## Task details
Within the entries below, please retype exactly the lines starting with the line that has "Se cuenta con" and going on through the line that has "Thương cảm và", but not the pictures.
• • • • • • •
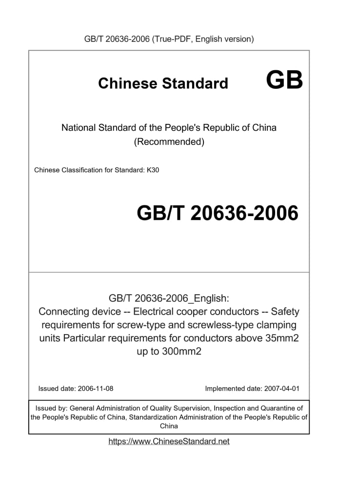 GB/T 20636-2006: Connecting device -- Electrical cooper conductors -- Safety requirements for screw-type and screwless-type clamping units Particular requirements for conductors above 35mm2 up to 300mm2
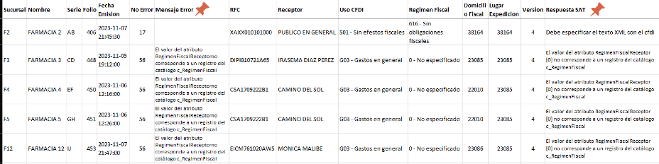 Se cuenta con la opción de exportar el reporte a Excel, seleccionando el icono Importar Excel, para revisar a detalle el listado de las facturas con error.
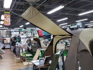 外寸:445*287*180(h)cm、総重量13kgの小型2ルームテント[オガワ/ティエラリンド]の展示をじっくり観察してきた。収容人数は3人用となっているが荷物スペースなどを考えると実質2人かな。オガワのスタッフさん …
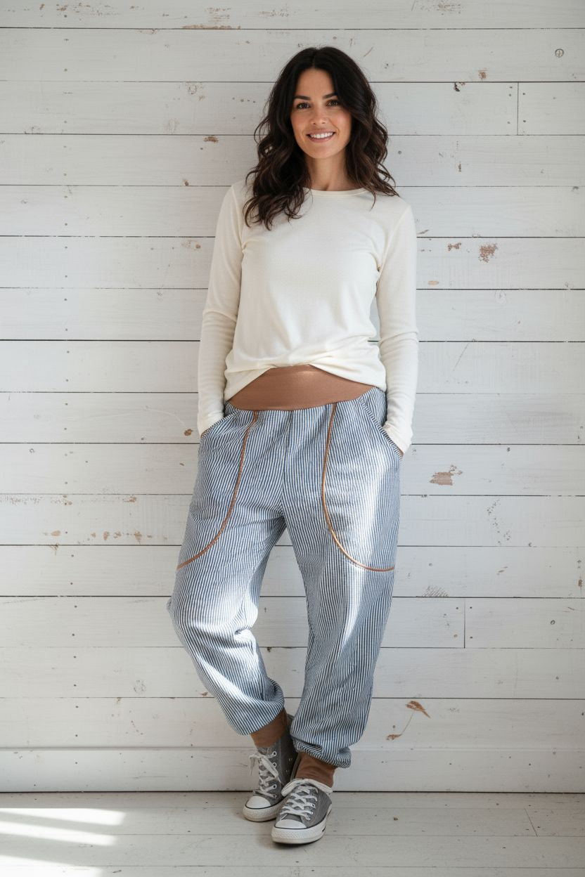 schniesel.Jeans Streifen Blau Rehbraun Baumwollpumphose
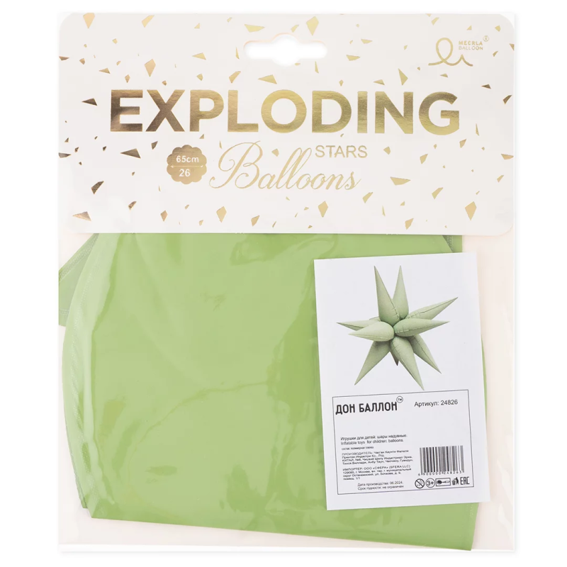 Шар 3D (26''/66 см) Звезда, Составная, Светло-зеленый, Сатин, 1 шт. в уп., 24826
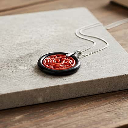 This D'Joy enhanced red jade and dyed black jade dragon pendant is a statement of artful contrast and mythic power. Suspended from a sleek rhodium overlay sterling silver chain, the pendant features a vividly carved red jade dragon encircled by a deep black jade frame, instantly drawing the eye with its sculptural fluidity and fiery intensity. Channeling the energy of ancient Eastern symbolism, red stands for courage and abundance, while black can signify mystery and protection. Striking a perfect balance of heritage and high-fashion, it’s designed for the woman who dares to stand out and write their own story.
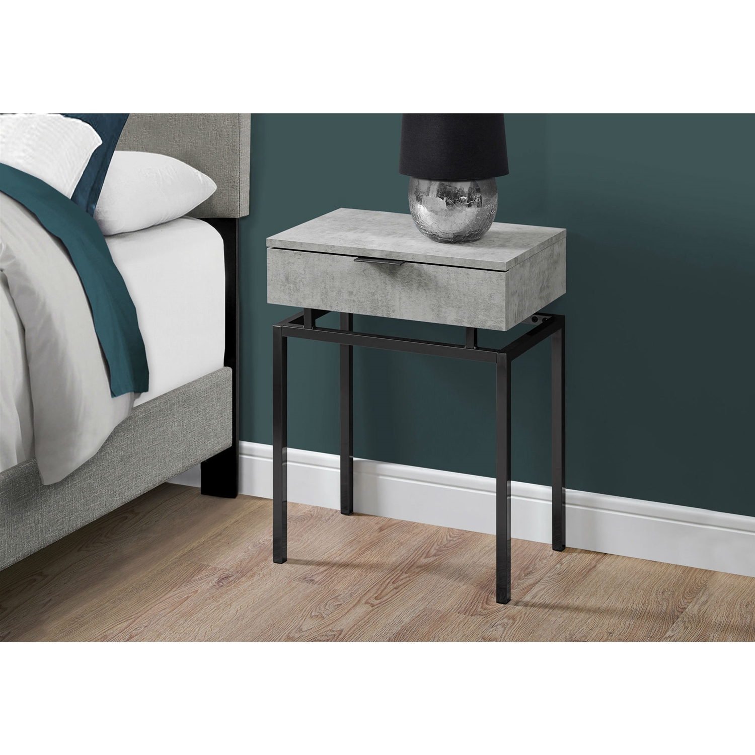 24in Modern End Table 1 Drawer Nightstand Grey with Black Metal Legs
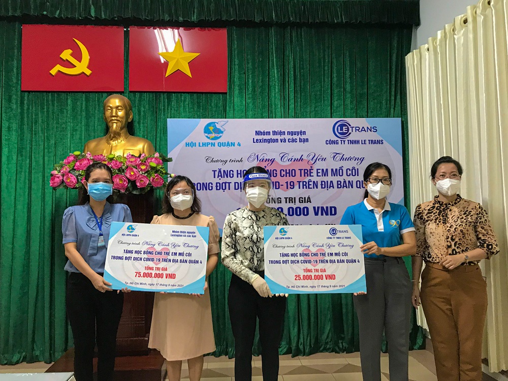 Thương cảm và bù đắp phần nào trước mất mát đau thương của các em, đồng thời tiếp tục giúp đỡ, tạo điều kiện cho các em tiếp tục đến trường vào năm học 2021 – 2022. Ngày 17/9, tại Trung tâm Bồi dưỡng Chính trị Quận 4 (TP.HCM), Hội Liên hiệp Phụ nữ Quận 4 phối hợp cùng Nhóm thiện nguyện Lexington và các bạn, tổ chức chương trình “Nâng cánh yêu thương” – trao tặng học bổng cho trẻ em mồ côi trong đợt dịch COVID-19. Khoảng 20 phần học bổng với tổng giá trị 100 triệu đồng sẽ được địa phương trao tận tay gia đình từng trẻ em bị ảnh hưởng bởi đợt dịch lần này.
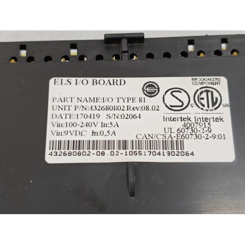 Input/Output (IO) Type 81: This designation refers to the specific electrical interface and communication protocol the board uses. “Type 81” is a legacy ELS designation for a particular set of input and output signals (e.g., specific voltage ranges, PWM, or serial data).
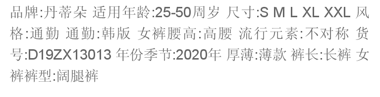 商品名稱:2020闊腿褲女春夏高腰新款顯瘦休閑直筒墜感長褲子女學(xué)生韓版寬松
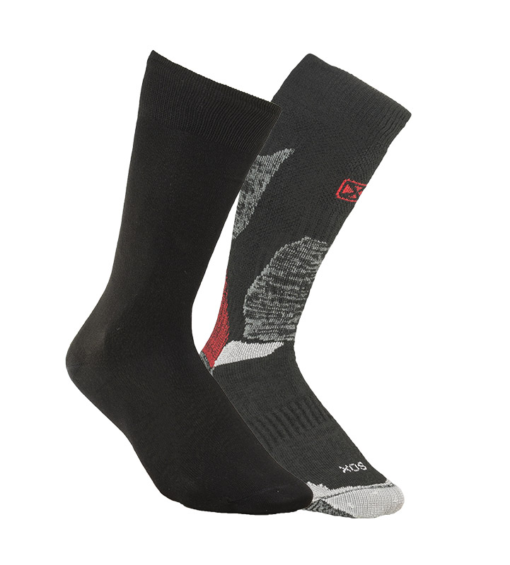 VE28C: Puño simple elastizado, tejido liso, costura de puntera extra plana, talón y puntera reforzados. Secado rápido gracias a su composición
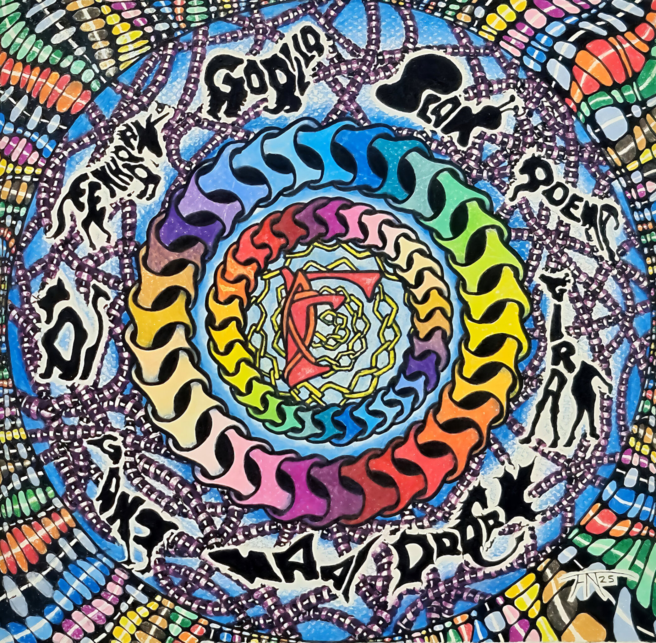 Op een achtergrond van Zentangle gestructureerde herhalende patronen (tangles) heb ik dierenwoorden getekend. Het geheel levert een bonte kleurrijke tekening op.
• • • • • • •
## Output for this exercise
 Se cuenta con la opción de exportar el reporte a Excel, seleccionando el icono Importar Excel, para revisar a detalle el listado de las facturas con error.
 外寸:445*287*180(h)cm、総重量13kgの小型2ルームテント[オガワ/ティエラリンド]の展示をじっくり観察してきた。収容人数は3人用となっているが荷物スペースなどを考えると実質2人かな。オガワのスタッフさん …
 schniesel.Jeans Streifen Blau Rehbraun Baumwollpumphose
 Шар 3D (26''/66 см) Звезда, Составная, Светло-зеленый, Сатин, 1 шт. в уп., 24826
 This D'Joy enhanced red jade and dyed black jade dragon pendant is a statement of artful contrast and mythic power. Suspended from a sleek rhodium overlay sterling silver chain, the pendant features a vividly carved red jade dragon encircled by a deep black jade frame, instantly drawing the eye with its sculptural fluidity and fiery intensity. Channeling the energy of ancient Eastern symbolism, red stands for courage and abundance, while black can signify mystery and protection. Striking a perfect balance of heritage and high-fashion, it’s designed for the woman who dares to stand out and write their own story.
 24in Modern End Table 1 Drawer Nightstand Grey with Black Metal Legs
 Thương cảm và bù đắp phần nào trước mất mát đau thương của các em, đồng thời tiếp tục giúp đỡ, tạo điều kiện cho các em tiếp tục đến trường vào năm học 2021 – 2022. Ngày 17/9, tại Trung tâm Bồi dưỡng Chính trị Quận 4 (TP.HCM), Hội Liên hiệp Phụ nữ Quận 4 phối hợp cùng Nhóm thiện nguyện Lexington và các bạn, tổ chức chương trình “Nâng cánh yêu thương” – trao tặng học bổng cho trẻ em mồ côi trong đợt dịch COVID-19. Khoảng 20 phần học bổng với tổng giá trị 100 triệu đồng sẽ được địa phương trao tận tay gia đình từng trẻ em bị ảnh hưởng bởi đợt dịch lần này.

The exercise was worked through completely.